Hand in hand though with that, she wanted to make it clear that you couldn’t just take it for granted that all this unique wonder would be around forever; care had to be taken with it or it would be lost and so in books like Blinky Bill: The Quaint Little Australian and Blinky Bill Grows Up, she told stories that emphasised how important a world Blinky, his beloved mother and his friends occupied.

As a budding conservationist who loved the books of Gerald Durrell and fretted at the way we were treating our planet and especially the part of it I lived on – Australia has sadly one of the highest mammal extinction rates of pretty much anywhere on the planet – Blinky Bill spoke to me about the need to preserve the Australia natural landscape so Blinky and his fellow animals would always have somewhere to call home.

 

 

In a sense Blinky Bill and I grew up together.

The red-covered book of his complete adventures rarely left my grip and even as I got older, much, much older, I kept it close and it remains one of my most treasured possessions to this day.

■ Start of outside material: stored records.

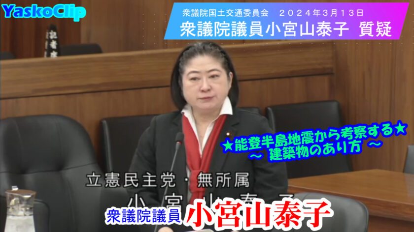 2024年3月13日の衆議院国土交通委員会にて、能登半島地震による建物被害の特徴ならびに、同震災から考察する建築基準法見直しの必要性について取り上げた質疑の抜粋映像をYouTubeにUpしました。 https://you
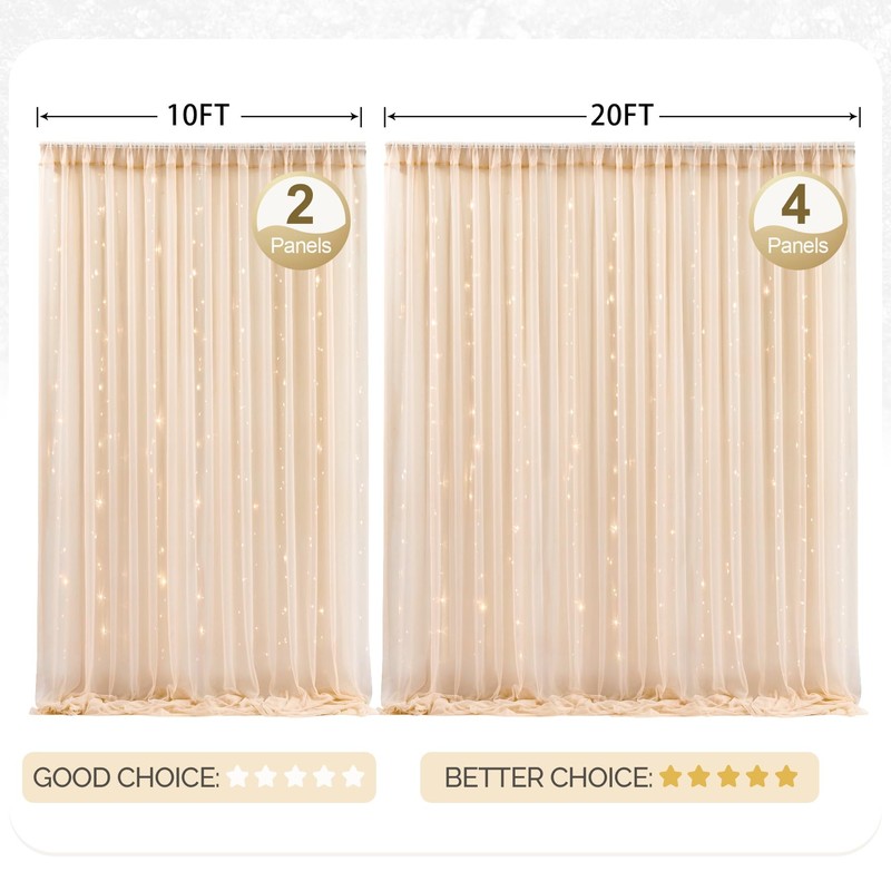 10x10ft Champagne Tulle Backdrop Curtain with Lights String for Parites, Sheer Photo Backdrop Curtains with Lights for Wedding Backdrop Ceremony Reception Bridal Shower Baby Shower Birthday Party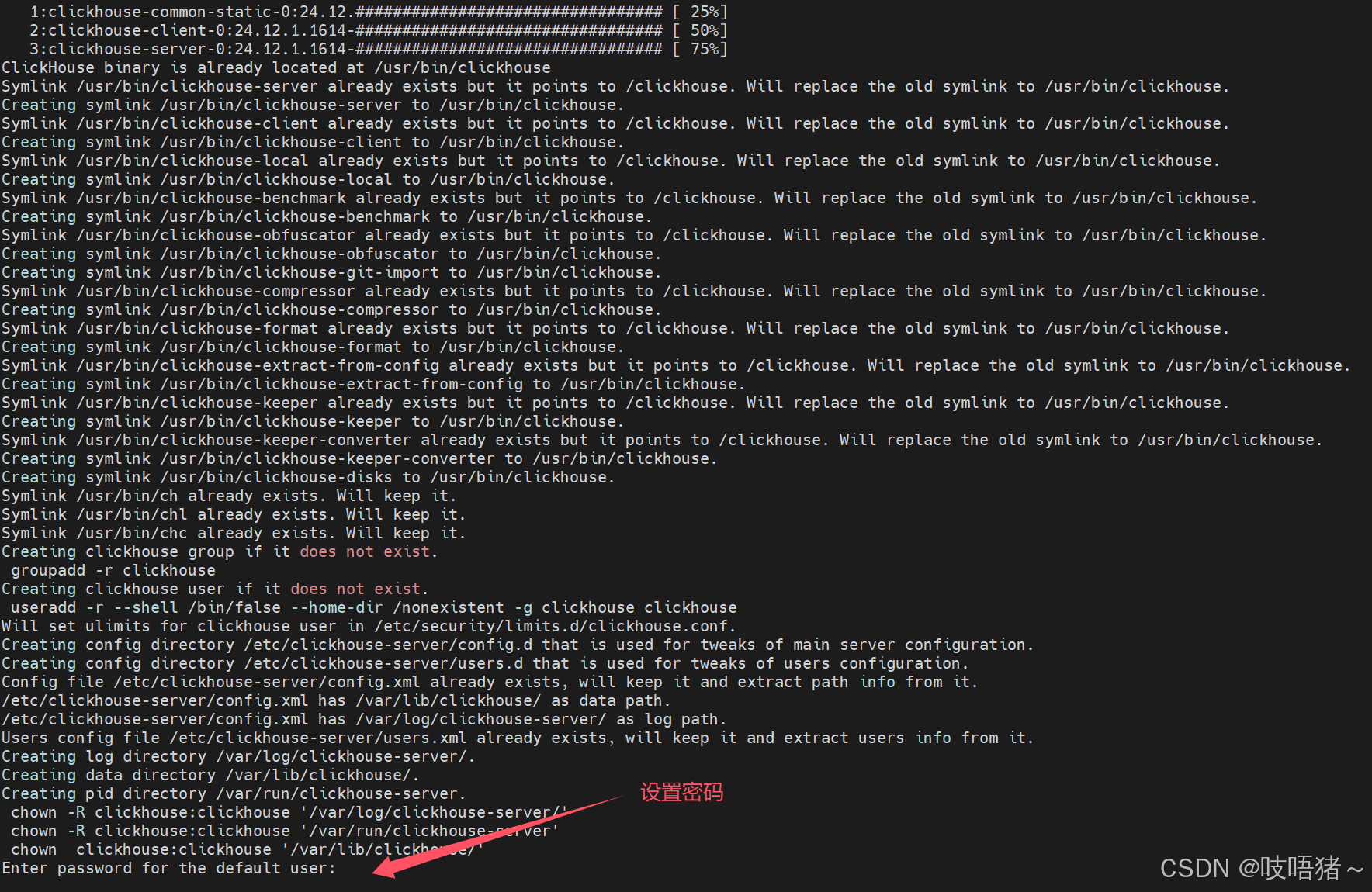 clickhouse-server:需要设置密码,最好从文本粘贴进去,也可以直接回车不设密码
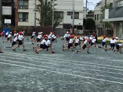 体育の時間です。準備運動のあと、50メートル走のタイムを計ります。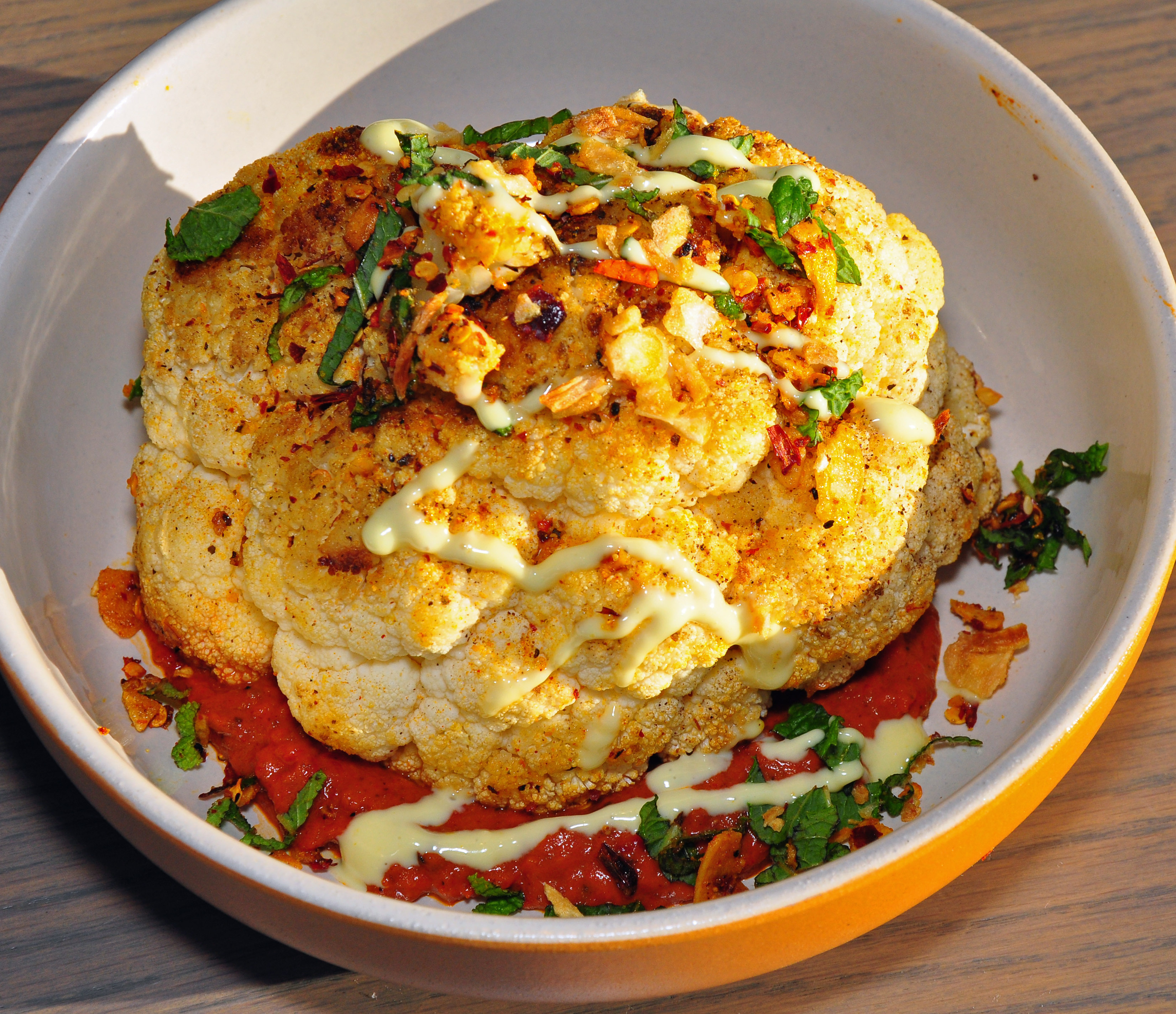 The Small plates menu features several standouts, like Ahi Tuna Tartare with wild caught fish, avocado, shallots, tomatoes, cucumbers, farro, pickled Fresno chilis, and crispy sesame wontons to scoop the brightly colored mixture, and Soup of the Day (in our case, the warm and comforting potato leak with bacon). Other must-haves include Bone Marrow with roasted Roma and cherry tomatoes, horseradish cream, sourdough toast, microgreens, and balsamic reduction, to which you can add whiskey luge, extra bone, or extra toast for easy sharing, and a slow roasted, faintly crisp Petaluma Farms Cauliflower with romesco sauce, lemon pepper seasoning, mint, chili flakes, garlic butter, and fried shallots.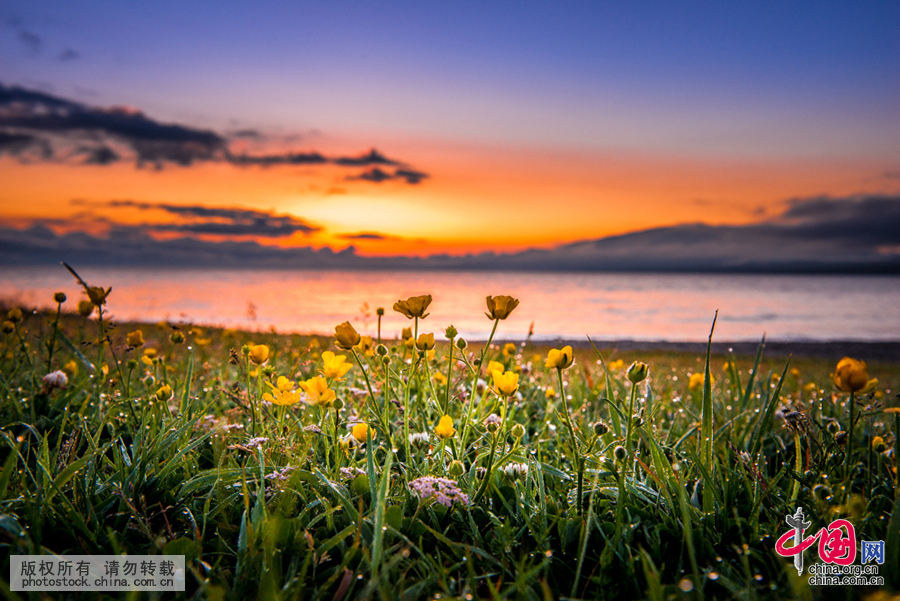 春季时湖边芳草依依,点缀着圣洁的高山大湖。 祁军摄
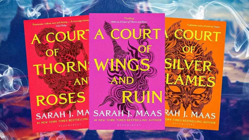 Степка книг «A Court of Thorns & Roses» Сары Дж. Маас на фоне яркого цвета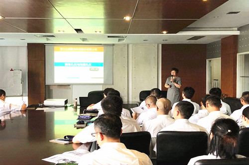 受浙江精益培训机构邀请,为嘉兴某企业销售员工和管理层做商务礼仪与沟通礼仪的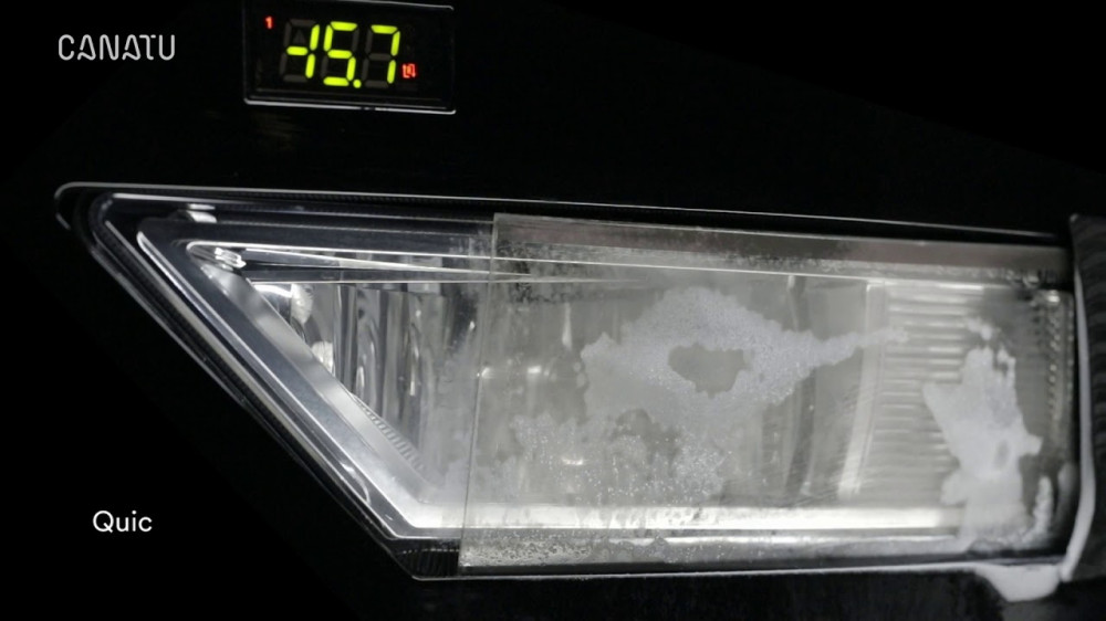 Just like headlamps the sensors used for assisted driving systems like adaptive cruise control can freeze up and stop working. Canatu found a clever solution - a film that goes over the headlights and clears away any winter debris.

And yes, even as Blinky Bill, as the trailer above makes clear, has kept pace with the modern world and begat all kinds of TV series and movies, something I dearly welcome given how important it is that he keep discovered by each generation of Aussie kids, I always remember the young koala bear and his adventures as Doroth Wall wrote and illustrated them, and how much they meant to me growing up and how they defined what it meant, even as a young boy, to be Australian.